RW: That’s throwing down the gauntlet, there.
Westergren: I make no bones about it. The numbers say a lot. Listeners are discovering it. When I use Pandora in a car — I don’t drive a whole lot, but when I use it, I don’t listen to broadcast radio much anymore, because now I can get the music I like in my car, in a radio experience, not my playlist, not like my MP3 collection, because you tire of that after awhile.

I can get a radio that I like, consistently in the car. I’m not going back. That’s what we’re seeing with listeners. Again, technology is enabling that transition now. The philosophy of this stuff is extraordinary. We went from four car companies to 16 since last CES. And we went from about 200 to over 450 devices in just a year, which tells you that there’s a big appetite that these companies are racing to meet.

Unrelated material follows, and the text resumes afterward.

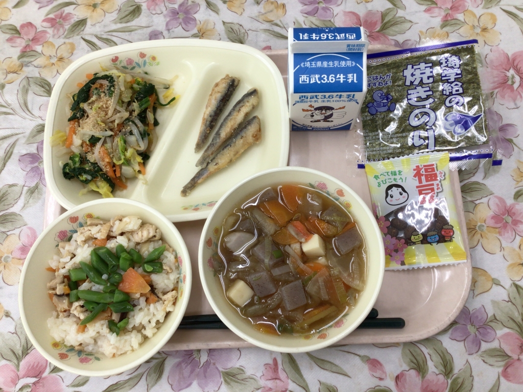 牛乳 かて飯(恵方巻き) 焼き海苔 小いわしの唐揚げ ごま和え(冬野菜) けんちん汁 福豆 節分という言葉は、「節(ふし)」と 「分(わかれ)」から成り立っており、 季節を分けるという意味を持っています。 毎年2月3日ごろにおこなわれる年中行事です。 「一年間健康に過ごせるように」という願いを込めて 「悪いもの」を追い出す行事とされています。 豆まきをしたり、恵方巻きを食べたり、 いわしを飾ったりと古くから伝わる風習が数多くあります。 今年の恵方は、南南東です。給食では自分で海苔巻きにして、 恵方巻を祈りながら食べてくれたと思います。 |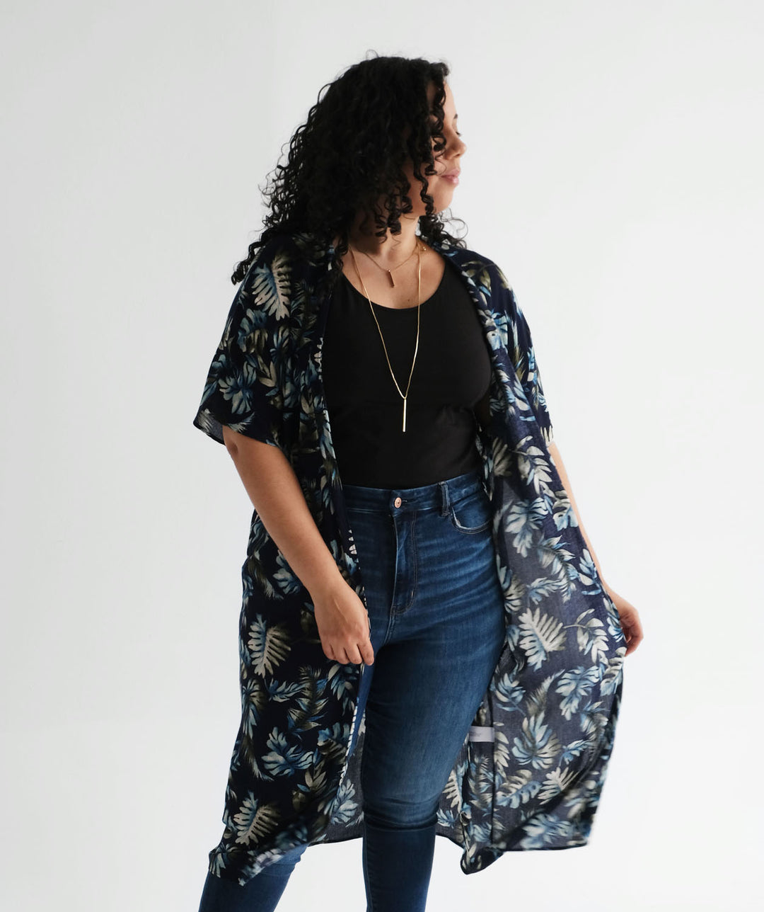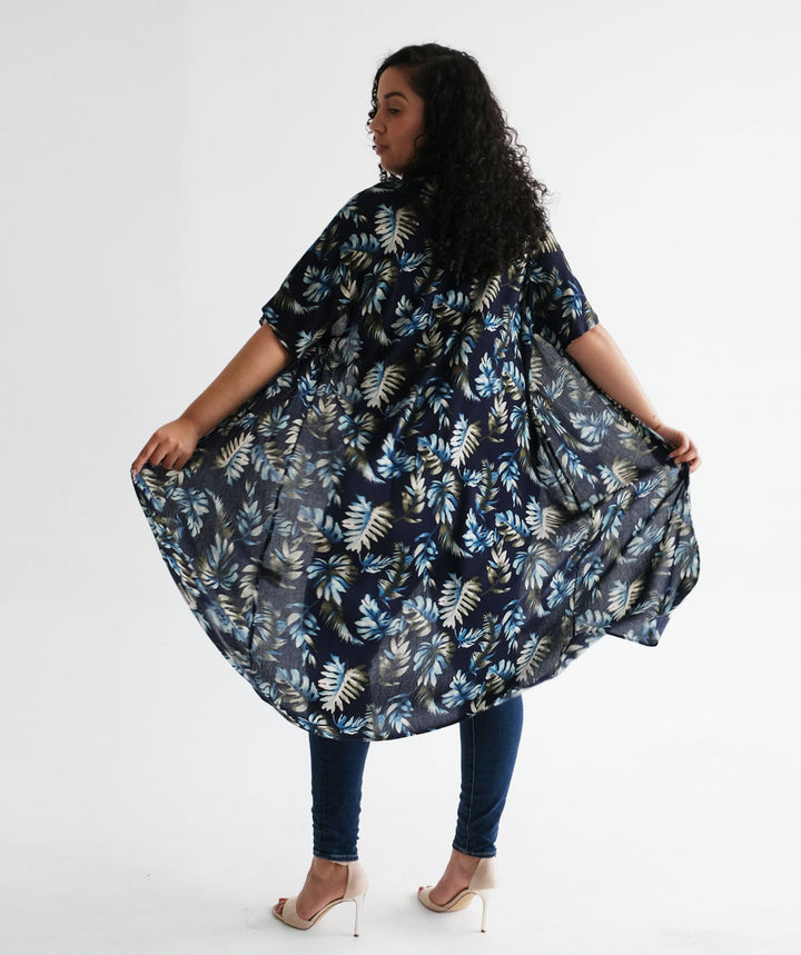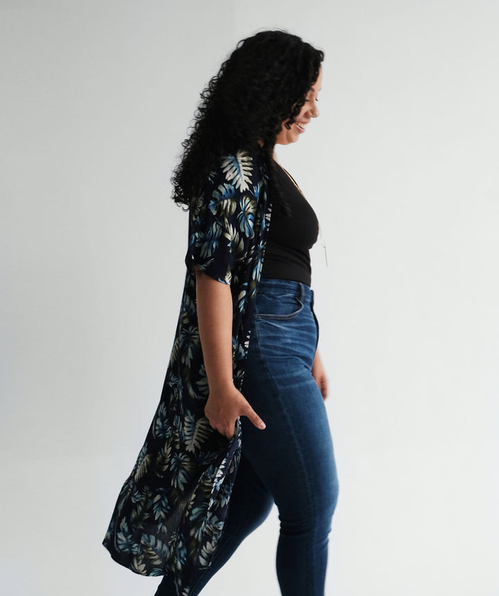 - Intended to be flowy since fabric is non-stretch, and front is open.

RW: How would you compare your company to a company like Jelli? They call themselves personalized radio also. Rockets up, rockets down is their version of the thumbs up and down. It’s also a social experience where the listeners chat with each other over the Web and say “I like this one” and they can shoot a song up the list.
Westergren: It’s very interesting to incorporate the social element into the radio experience. I think just how best to do that is still an open question that people are figuring out.

We redesigned Pandora just a few months ago. Part of the incentive was to really put a much stronger social element to it. The thing about music listening is it’s social but it’s also very personal in a funny way. …

It’s less of an obvious social phenomenon than people might think on the surface. Let’s say you walk around, you’ve got your iPad on, would you want people to hear what’s playing on your iPod? I’d say no, not really. That’s the thing. Do you want people to see what your CD collection has in it? Not really. People are self-conscious about it in a funny way.

RW: When you meet with automakers, what do they say is important to them? I understand they’re putting all these personalized Internet radio apps in the dash because people who buy cars want it, but what do they tell you?
Westergren: “We want it yesterday,” is one. And the second thing is, “How do we do it in a way that’s elegant and driver-safe?” Those are important criteria. By elegant I mean easy, intuitive, simple to use.

RW: HD Radio and satellite radio and you are all in the dash. You’re all vying for the listener’s time and attention in the car.
Westergren: That’s why we have a saying at Pandora: “It’s the playlist, stupid.” Ultimately — we’re called Pandora so I should say “she” — she who delivers the best listening experience will prevail.